Film & Television

‘Capernaum’: Sheer Heartbreak
in the Streets of Beirut

The veracity of Capernaum is one of its most powerful elements. Labaki spent six months filming on the streets of Beirut with as small a crew as she could get away with. At times, in a crowded market for example, real life interfered with her shoot and ended up in the movie as customers bought items from one of the actors in between his scripted dialogue. But what gives Capernaum its heart is Labaki’s extraordinary casting. Virtually all of her main characters are played by people she found on the street.

A beautiful young boy named Zain Al Rafeea plays the movie’s protagonist Zain. Al Rafeea was a Syrian refugee facing many of the challenges of his onscreen persona.

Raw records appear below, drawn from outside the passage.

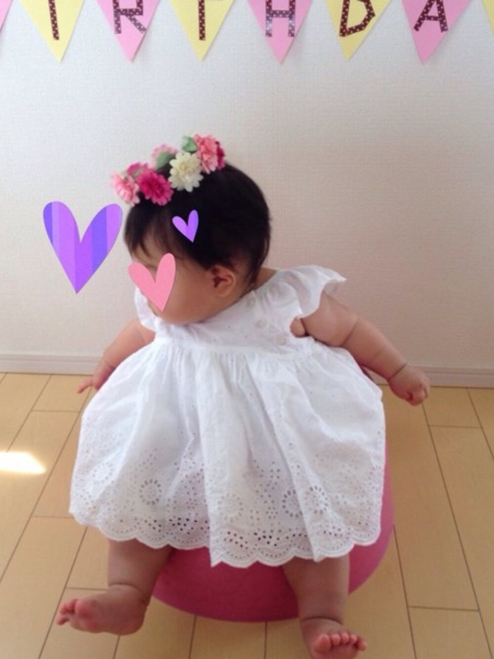 娘、ハーフバースデー♡ DAISOグッズで手作り花冠。
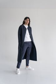 Long straight coat in blue wool and neoprene
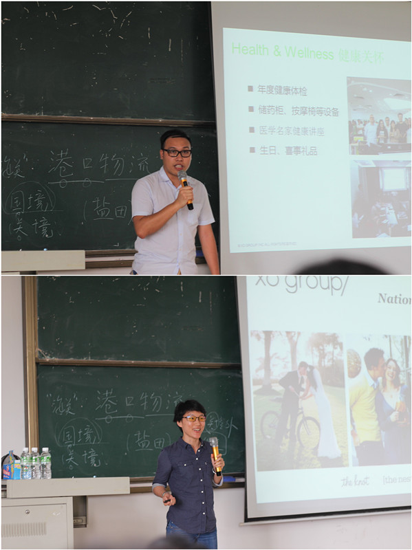 广州诺特软件开发有限公司高级项目经理Daisy和招聘经理Alex则相继介绍了其公司情况与公司业务。据悉,广州诺特软件开发有限公司是XO Group Inc全资控股的海外软件开发中心。XO Group是纽交所上市(NYSE: XOXO)的美国最大婚尚资讯集团,旗下包括了网站、杂志、电视节目、相关书籍等诸多媒体资产。Theknot是美国在线交易额最大的婚礼网站。公司地处核心CBD区,环境舒适,拥有年轻而专业的优秀项目团队。两位代表均表示,公司非常注重弹性的工作制,讲究生活平衡,这对于刚刚开始工作的大学生会有很多的活动发展空间。

It is remarkable how he carries the movie with such truth and anger and grace. Yordanos Shiferaw, the young Eritrean woman who plays Rahil, was actually working in Beirut without papers, and in a freakish example of real life resembling art, was arrested during the filming. Labaki had to bail her out of jail. The parents of Boluwatife Treasure Bankole, the baby girl who played baby boy Yonas, were also detained at one point and the toddler had to live with the crew until Labaki could get the couple released.

Perhaps most poignant of all, Haita ‘Cedra’ Izzam, the lovely young girl who plays doomed child-bride Sahar, was found selling Chicklets to passing cars on the street. As Labaki remembers, the casting directors “found her and she came to the office  . . . and as soon as I saw her, I knew the sadness in her eyes was something that was unbearable to watch. She has such wisdom towards what’s happening to her in real life, so it’s as if you can’t escape it, and I knew that she should be Sahar.”

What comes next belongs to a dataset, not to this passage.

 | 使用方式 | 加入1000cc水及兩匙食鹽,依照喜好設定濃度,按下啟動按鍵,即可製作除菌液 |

Clearly a labor of love as well as a magnificent piece of art, Capernaum was a difficult project. Filming real-life as well as scripted material, Labaki ended up with 500 hours of footage. Her husband, the film’s composer and producer Khaled Mouzanar, mortgaged their home without letting Labaki know in order to keep the production going. But the rewards have been extraordinary.

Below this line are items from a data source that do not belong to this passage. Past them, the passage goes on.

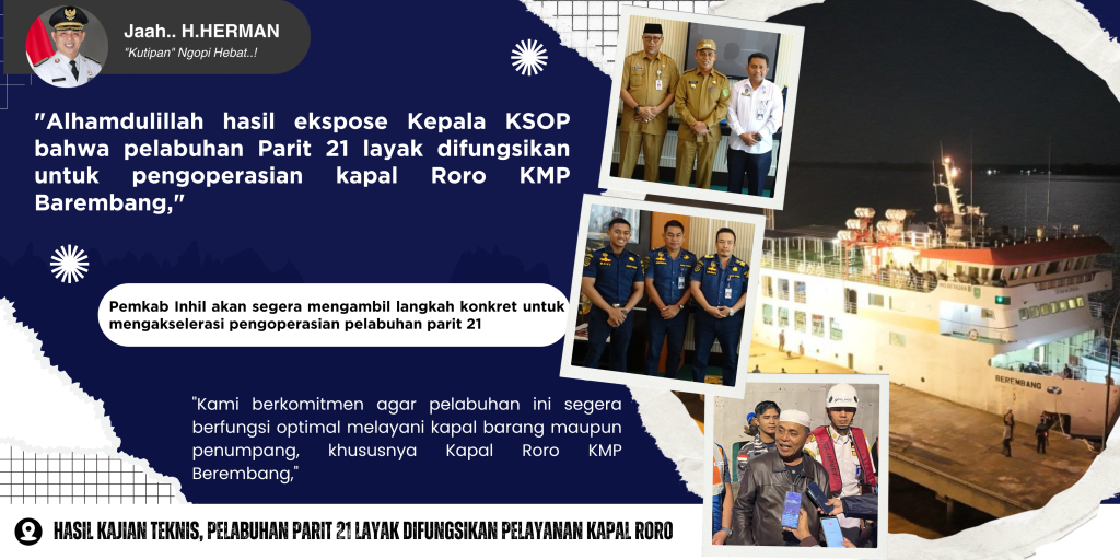 Hal tersebut disampaikan Bupati Indragiri Hilir (Inhil), Haji Herman, usai mendengar pemaparan hasil ekspose Kepala Kantor KSOP Kelas IV Tembilahan, Feriland Saragih, Selasa lalu, (17/06/2025).
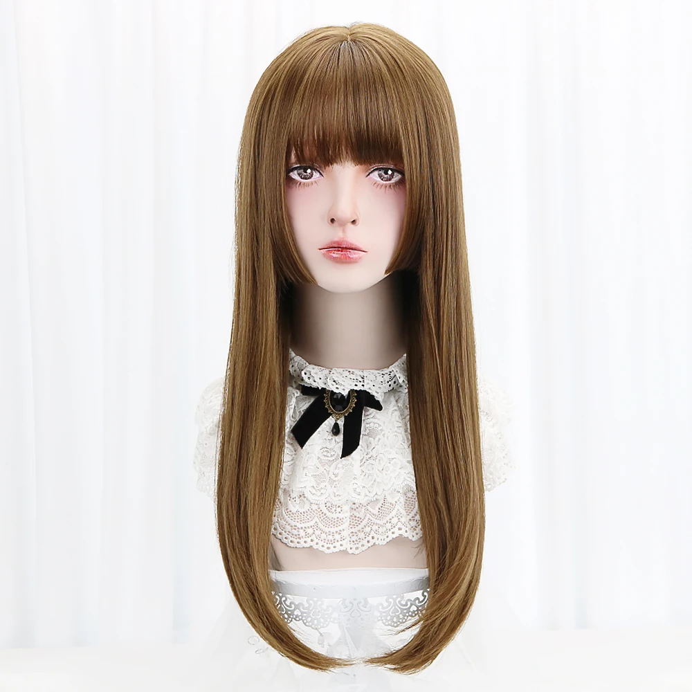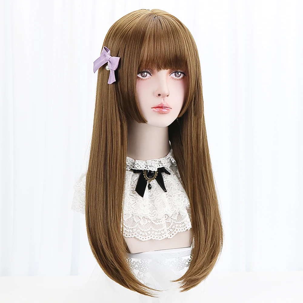 26"Long Straight Cosplay Lolita Wigs With Bangs Brown Ombre Synthetic Hair Japan Harajuku Cosplay W
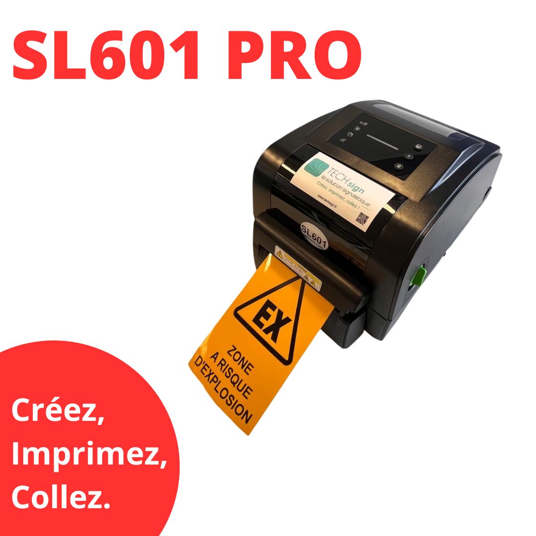 Facile d'utilisation et avec sa haute résolution d'impression, la nouvelle imprimante signalétique SL601 PRO saura répondre aux exigences les plus élevées en matière de signalétique variée. Elle sera votre allié dans la création de vos panneaux de sécurité, repérage matériel et stocks, tuyauteries, substances chimiques, bâtiements ou encore pour votre signalétique personnalisée.
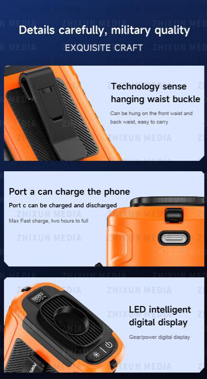 야외 허리걸이형 선풍기, 미니 휴대용 강풍 비상 손전등 선풍기, 캠핑용 긴 배터리 수명의 모바일 전원 공급 장치
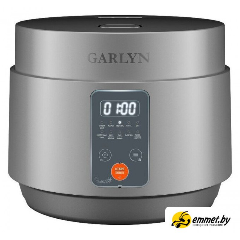 | Перечень режимов работы | 1. GARLYN ШЕФ2. ЖАРКА3. ТУШЕНИЕ4. ПАСТА5. СУП6. МОЛОЧНАЯ КАША7. РИС/КРУПЫ8. ПАР/ВАРКА9. ВЫПЕЧКА10. ТЕСТО/ЙОГУРТ11. ЭКСПРЕСС |

Capernaum won the Jury Prize at Cannes and received a 15-minute standing ovation. It is nominated for Best Foreign Language Film in the upcoming Academy Awards (notably, Labaki is the only woman director who is nominated for a feature film).

Perhaps more importantly, or at least closer to Labaki’s heart, Capernaum was able to make a difference for some of the people who made her movie so very powerful. She sponsored Shiferaw so the woman can stay in Lebanon. She was able to work with the U.N.’s Refugee Agency to help Al Rafeea, Izzam, and their families. And, after she filmed in a garage that had been turned into a makeshift and overcrowded prison, the city elected to close it.

Capernaum is at times difficult to watch, but it bears witness to the near-hopeless lives of so many of the world’s children: homeless, hungry, and undocumented. Feeling helpless in the face of such despair, we turn away too often. In her unforgettable film, Labaki challenges all of us to stop and really see them.